VISTA — A year and a half after the brutal murder of a young man from San Marcos, his loved ones are preparing for this tragedy to move into the hands of the justice system with the commencement of his accused assailant’s trial.
Court proceedings began this week in Vista Superior Court in the death of Aris Keshishian, 20, who was fatally stabbed in August 2021 near his San Marcos home.
The District Attorney’s Office has charged Kellon Razdan, 21, a former elementary school classmate of Keshishian, with first-degree murder in the slaying.
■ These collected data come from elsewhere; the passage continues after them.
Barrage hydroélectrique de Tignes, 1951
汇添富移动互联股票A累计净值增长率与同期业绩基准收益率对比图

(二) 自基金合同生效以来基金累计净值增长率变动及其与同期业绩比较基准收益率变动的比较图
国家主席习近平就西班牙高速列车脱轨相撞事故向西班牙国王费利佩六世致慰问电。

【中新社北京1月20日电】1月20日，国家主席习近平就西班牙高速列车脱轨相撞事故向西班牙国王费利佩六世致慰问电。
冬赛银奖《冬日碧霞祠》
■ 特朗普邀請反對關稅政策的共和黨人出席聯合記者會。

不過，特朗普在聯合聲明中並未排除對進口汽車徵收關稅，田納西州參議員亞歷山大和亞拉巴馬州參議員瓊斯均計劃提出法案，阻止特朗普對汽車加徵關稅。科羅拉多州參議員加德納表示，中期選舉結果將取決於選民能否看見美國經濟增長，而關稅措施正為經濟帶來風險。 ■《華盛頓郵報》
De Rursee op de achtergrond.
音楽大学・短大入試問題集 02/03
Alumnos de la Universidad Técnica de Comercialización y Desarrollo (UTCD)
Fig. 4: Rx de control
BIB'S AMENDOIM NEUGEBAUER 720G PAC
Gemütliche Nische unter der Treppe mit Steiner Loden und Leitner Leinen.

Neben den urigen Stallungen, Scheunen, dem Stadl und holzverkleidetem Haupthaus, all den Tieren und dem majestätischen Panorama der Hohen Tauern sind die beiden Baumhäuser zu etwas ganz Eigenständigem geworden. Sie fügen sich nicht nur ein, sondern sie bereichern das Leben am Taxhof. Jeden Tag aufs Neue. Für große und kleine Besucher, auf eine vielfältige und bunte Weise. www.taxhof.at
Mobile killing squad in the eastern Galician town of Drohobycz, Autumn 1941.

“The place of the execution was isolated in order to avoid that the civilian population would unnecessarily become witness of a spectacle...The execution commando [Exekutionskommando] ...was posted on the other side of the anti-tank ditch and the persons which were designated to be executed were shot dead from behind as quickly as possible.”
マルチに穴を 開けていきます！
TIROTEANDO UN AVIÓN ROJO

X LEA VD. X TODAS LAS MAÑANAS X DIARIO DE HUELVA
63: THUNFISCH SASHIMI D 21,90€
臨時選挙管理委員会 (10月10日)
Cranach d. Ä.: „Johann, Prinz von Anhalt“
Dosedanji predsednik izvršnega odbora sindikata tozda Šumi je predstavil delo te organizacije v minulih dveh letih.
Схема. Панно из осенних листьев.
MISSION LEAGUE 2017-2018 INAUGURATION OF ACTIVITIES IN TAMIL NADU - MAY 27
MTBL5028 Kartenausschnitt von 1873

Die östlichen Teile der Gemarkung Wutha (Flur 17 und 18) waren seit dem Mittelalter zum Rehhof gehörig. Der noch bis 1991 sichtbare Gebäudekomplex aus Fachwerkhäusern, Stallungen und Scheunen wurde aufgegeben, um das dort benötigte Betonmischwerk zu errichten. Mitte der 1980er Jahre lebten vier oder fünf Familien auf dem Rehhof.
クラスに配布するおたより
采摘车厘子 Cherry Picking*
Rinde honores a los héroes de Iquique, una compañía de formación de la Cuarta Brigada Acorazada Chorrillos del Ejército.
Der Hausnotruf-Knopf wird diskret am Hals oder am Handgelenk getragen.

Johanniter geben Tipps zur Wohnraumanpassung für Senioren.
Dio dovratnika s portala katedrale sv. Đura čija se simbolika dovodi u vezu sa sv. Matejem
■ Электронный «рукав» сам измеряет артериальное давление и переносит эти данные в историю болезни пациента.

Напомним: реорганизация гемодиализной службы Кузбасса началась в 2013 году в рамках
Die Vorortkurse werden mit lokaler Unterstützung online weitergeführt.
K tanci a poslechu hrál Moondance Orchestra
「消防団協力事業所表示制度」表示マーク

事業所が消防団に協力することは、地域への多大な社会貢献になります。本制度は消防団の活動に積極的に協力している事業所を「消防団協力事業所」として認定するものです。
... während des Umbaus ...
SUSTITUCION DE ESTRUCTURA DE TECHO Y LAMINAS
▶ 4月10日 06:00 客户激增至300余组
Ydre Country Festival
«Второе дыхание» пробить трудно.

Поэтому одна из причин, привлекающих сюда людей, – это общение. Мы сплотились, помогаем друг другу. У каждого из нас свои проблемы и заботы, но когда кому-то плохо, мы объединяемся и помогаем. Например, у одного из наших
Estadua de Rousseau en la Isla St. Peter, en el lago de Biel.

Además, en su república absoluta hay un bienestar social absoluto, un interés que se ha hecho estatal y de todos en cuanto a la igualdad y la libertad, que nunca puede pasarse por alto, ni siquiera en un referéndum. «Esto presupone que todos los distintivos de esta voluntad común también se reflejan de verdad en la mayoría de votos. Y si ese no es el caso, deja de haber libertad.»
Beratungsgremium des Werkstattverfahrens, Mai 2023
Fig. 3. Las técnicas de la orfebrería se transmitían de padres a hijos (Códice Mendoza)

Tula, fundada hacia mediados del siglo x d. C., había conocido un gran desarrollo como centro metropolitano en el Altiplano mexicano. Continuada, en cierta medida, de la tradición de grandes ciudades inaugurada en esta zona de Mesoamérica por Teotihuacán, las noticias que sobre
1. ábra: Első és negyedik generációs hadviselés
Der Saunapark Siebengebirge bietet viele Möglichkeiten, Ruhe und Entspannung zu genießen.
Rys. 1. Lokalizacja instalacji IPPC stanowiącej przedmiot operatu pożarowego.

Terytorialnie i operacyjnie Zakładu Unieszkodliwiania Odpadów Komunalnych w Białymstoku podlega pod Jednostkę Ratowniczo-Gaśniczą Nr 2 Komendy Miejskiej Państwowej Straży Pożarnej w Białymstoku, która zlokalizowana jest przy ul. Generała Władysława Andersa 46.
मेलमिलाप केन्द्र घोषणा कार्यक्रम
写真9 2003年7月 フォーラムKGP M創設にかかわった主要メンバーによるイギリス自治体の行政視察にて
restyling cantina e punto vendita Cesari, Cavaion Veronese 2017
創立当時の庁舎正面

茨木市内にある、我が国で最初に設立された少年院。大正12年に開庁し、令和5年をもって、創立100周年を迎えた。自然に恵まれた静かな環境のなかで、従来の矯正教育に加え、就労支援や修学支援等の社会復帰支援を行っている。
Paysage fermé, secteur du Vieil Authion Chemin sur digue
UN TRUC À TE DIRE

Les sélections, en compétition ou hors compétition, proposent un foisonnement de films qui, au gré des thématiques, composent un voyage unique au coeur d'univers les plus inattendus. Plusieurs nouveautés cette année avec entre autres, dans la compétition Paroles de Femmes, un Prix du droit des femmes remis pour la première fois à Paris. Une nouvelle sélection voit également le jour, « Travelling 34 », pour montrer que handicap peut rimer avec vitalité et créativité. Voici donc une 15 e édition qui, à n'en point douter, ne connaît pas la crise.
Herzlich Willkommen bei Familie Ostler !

According to the District Attorney’s Office, Keshishian was walking his dog near his home in the 1100 block of Via Vera Cruz when Razdan appeared, chased him and stabbed him 44 times in a driveway. Razdan fled in his car after a neighbor came to the scene, and family members discovered Keshishian shortly before he died from his injuries.
After two days of jury selection, the court was set for opening statements in the trial Wednesday morning. The trial is expected to last until around Feb. 16 under Judge Kelly C. Mok.
Keshishian’s older sister, Adrineh, said the past year and a half has been like a never-ending nightmare for herself and her parents, Henrik and Guyaneh. For them, true justice is impossible since their son and brother cannot be brought back.
“Nothing ever is going to bring justice to our family. This is about a beautiful and innocent human being, with a soul enriched by compassion and integrity, whose life has been violated,” Adrineh said. “No justice on earth will cover this loss nor serve as appropriate retribution. All I can say is that for the sake of humanity, he should be locked up for the rest of his life.”
Now 27, Adrineh said she can still remember being six years old and feeling too excited to sleep the night before her baby brother was born and the joy she felt at meeting him at the hospital.
As Keshishian grew, his sister watched him become a caring, loving and goofy person with many passions — playing guitar, and basketball, cooking, building things around the house, and watching classic black-and-white films.
“I wish I could relive every one of my moments spent with him,” Adrineh said. “I’ll be wishing I could’ve done something to save him every minute of every hour of every day for the rest of my life. His life, his orbit, carries something extraordinary, and sharing a life with him is the greatest joy of my existence.”
Keshishian loved animals and his family; he was proud of his Armenian culture and faith and loved making people laugh. His father called him a “kid at heart.”
‘An exuberant soul’
Keshishian attended Discovery Elementary, San Elijo Middle and San Marcos High School, where he graduated in 2019. He was a student at Mira Costa Community College that fall and hoped to attend UCLA and potentially enter the medical field, Adrineh said.
The Keshishian family enjoyed traveling, celebrating and eating together and were always close-knit. A few months before his death, their family held a 50th birthday celebration for his mother, Guyaneh.
The two of them were especially close, and he used to tell his mother, “when my flower is not blooming, you make it bloom, and when my heart is small, you make it big.”
“In reality, he was the one who made us bloom and made our hearts big,” Guyaneh said.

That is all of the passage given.